The movie: John Wallace (Griffith) is a mean ol' son of a gun. Only beloved by the people of Meriwether County for fear of what'd happen to 'em if they didn't. Take this typical Sunday morning, John is overseeing the timely shipment of moonshine, before heading off to the church house, when Sheriff Collier (Danny Nelson) rolls up. Not to bust him, but to deliver a fella accused of stealing from Wallace. As the trembling man futilely blubbers his innocence, John snarls at him to place his hand against an open car door jam, an order punctuated by the business end of Wallace's ever-present sidearm. SLAM! Case closed. This is justice in "The Kingdom." That is until John's one-man judge 'n' jury show foolishly crosses into Coweta County and witnesses stand aghast as Wallace ruthlessly pistol whips a wayward sharecropper's skull wide open (Robert Schenkkan as Wilson Turner). Certain they've seen a murder, and with little doubt who done the killin', folks call in Coweta's Sheriff Lamar Potts (Cash). Thus begins our story as Wallace defiantly dares anyone to lift a finger against him. A bold challenge answered by a singularly determined lawman who does exactly that -- and then some. CineSchlocker's should note that this was actually the second of THREE collaborations between Nelson and Cash. First, was CineSchlocker fave The Pride of Jesse Hallam with Johnny as an illiterate widower from farm country struggling to provide for his two children in the cold, cruel city. And the third, was The Baron and the Kid with Cash as a pool shark who has an unexpected family reunion.

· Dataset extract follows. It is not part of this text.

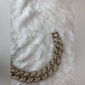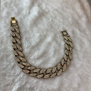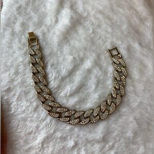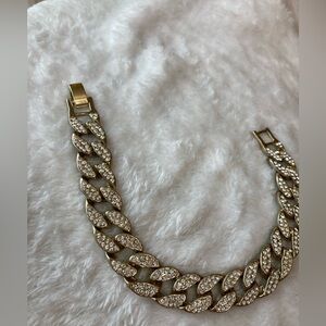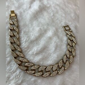 Vintage Unisex Cuban Link Bracelet w/ Clear Stones

Notables: No breasts. Two corpses. Multiple N-words. Moonshining. Old-timey car chase. Guernsey stealing. Pistol to the brainpan. One "Deep Throat" informant. Soothsaying. Sucker punch.
Quotables: Wallace berates Turner while grinding a boot heel into his gut, "You got BOLD, boy! You got GREEDY!!! New truck. Store-bought clothes for your wife. Runnin' to the doctor ever time your baby gets a little bit sick. You're starting to act like you're SOMEBODY!!!" Potts doesn't cotton to Meriwether's sheriff on the take, "Let me make something clear, Collier. I have jurisdiction on this case. I didn't come here out of law. I came here out of manners!" and, later, while resisting the urge to ventilate the sniveling snake, "You sold that badge! The same badge I stand behind!"
Time codes: Proof straight-away of just how MEAN ol' Wallace is (2:11). Mr. Cash joins the picture (15:00). Somewhere beneath that army hat is Johnny's wife, June Carter Cash, as Mayhayley Lancaster the eccentric fortune teller (25:15). Griffith emotes (39:10). Johnny's piano man Earl Poole Ball plays star witness (42:31). Courtroom drama begins (1:12:40).
Audio/Video: Presented in fullframe as originally broadcast. Image quality exhibits improvement over previous VHS releases, although digital grain is evident in isolated scenes. This is seemingly acknowledged by a box cover note: "There may be some slight visual variances due to the state of the original master." Utilitarian Dolby Digital 2.0 track.
Extras: Quickie bios and filmographies with somewhat dubious trivia like "Rosanne Cash is Johnny's daughter" and "On May 9, 2000, Griffith underwent a quadruple bypass." Can't find the trailer? It's under "scene access," of course. Static menus without audio.
Final thought: Cash and Griffith deliver powerful performances that belie the low-budget nature of this bargain-bin jewel. Highly Recommended.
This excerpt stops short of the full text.